TEMPO.CO, Edmonton - Peneliti University of Alberta, Kanada, telah menggali tautan misterius antara kadal purba di Afrika dan komodo, kadal terbesar di dunia yang menjadi hewan endemik Indonesia. Meski berada di belahan bumi yang berbeda, ahli biologi Alison Murray dan Rob Holmes mengatakan keunikan bentuk tulang belakang kadal Afrika dari 33 juta tahun lalu dan komodo yang baru muncul 700 ribu tahun itu menjadi bukti adanya hubungan kekerabatan di antara mereka.
“Fosil kadal Afrika itu ditemukan di permukaan gurun yang tersapu angin,” kata Holmes. “Fosil itu jelaslah berasal dari kadal genus Varanus dan ada lebih dari 50 spesies yang hidup saat ini, termasuk komodo dan kadal besar lainnya.”
Holmes mengatakan fosil tulang kadal yang ditemukan di Afrika itu menunjukkan bahwa kadal itu berukuran sekitar satu setengah meter dan mampu berenang. Kemampuan berenang itu kemungkinan adalah kunci untuk mengetahui bagaimana keturunannya muncul di bagian lain dunia lebih dari 30 juta tahun kemudian.
Holmes mengatakan spesimen Varanus purba Afrika itu ditemukan di bekas dasar sungai atau danau kecil. “Kami tak tahu apakah binatang itu hidup di air atau daerah sekitarnya, tapi kami tahu bahwa beberapa spesies Varanus modern mahir berenang di air tawar,” katanya.

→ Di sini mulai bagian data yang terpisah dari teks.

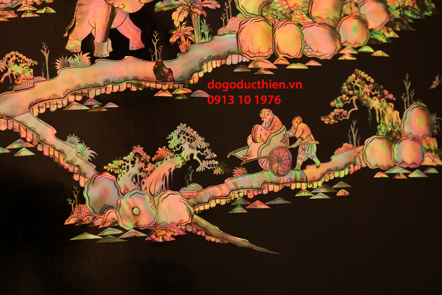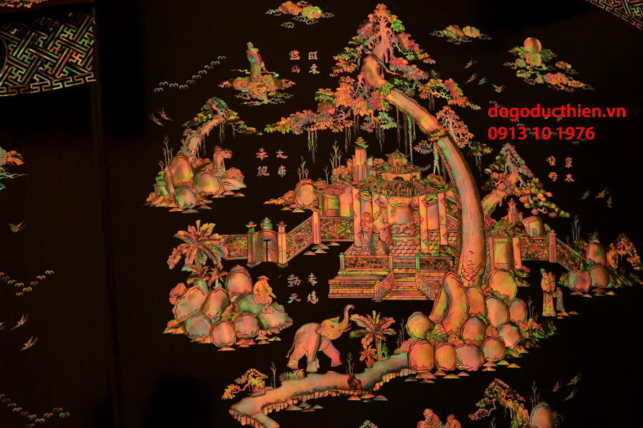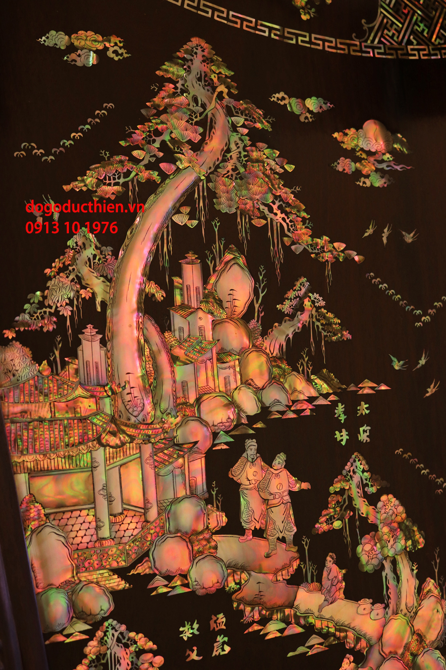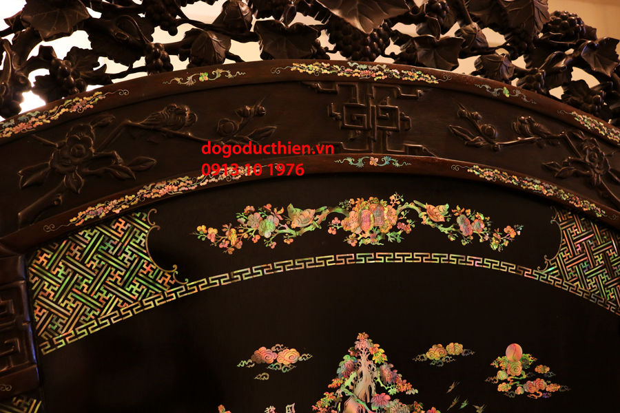 Ảnh chụp chi tiết sản phẩm: Tấm bình phong gồm 2 mặt : Mặt trước và mặt sau đều khảm ốc sà cừ.

Holmes dan timnya sepakat bahwa kemampuan berenang di air tawar tidak bisa membawa kadal Afrika itu sampai ke Indonesia. Murray mengatakan misteri bagaimana binatang itu menyebar hingga ke Asia itu kian dalam ketika kita memikirkan geografi dunia di masa lalu. “Sejak 100 juta tahun lampau hingga 12 juta tahun lalu, Afrika benar-benar terisolasi, dikelilingi oleh samudra, entah bagaimana mereka bisa keluar dari Africa pada periode itu,” kata Murray. “Itulah mengapa makalah ini amat penting, karena tak ada hubungan dataran antara Afrika dan Indonesia.”
Murray mengatakan salah satu teori bagaimana Varanus pergi dari Afrika adalah lempengan mikro atau massa dataran kecil bergerak dari satu tempat ke tempat lain, membawa binatang di dalamnya berpindah tempat. Namun teori itu belum terbukti.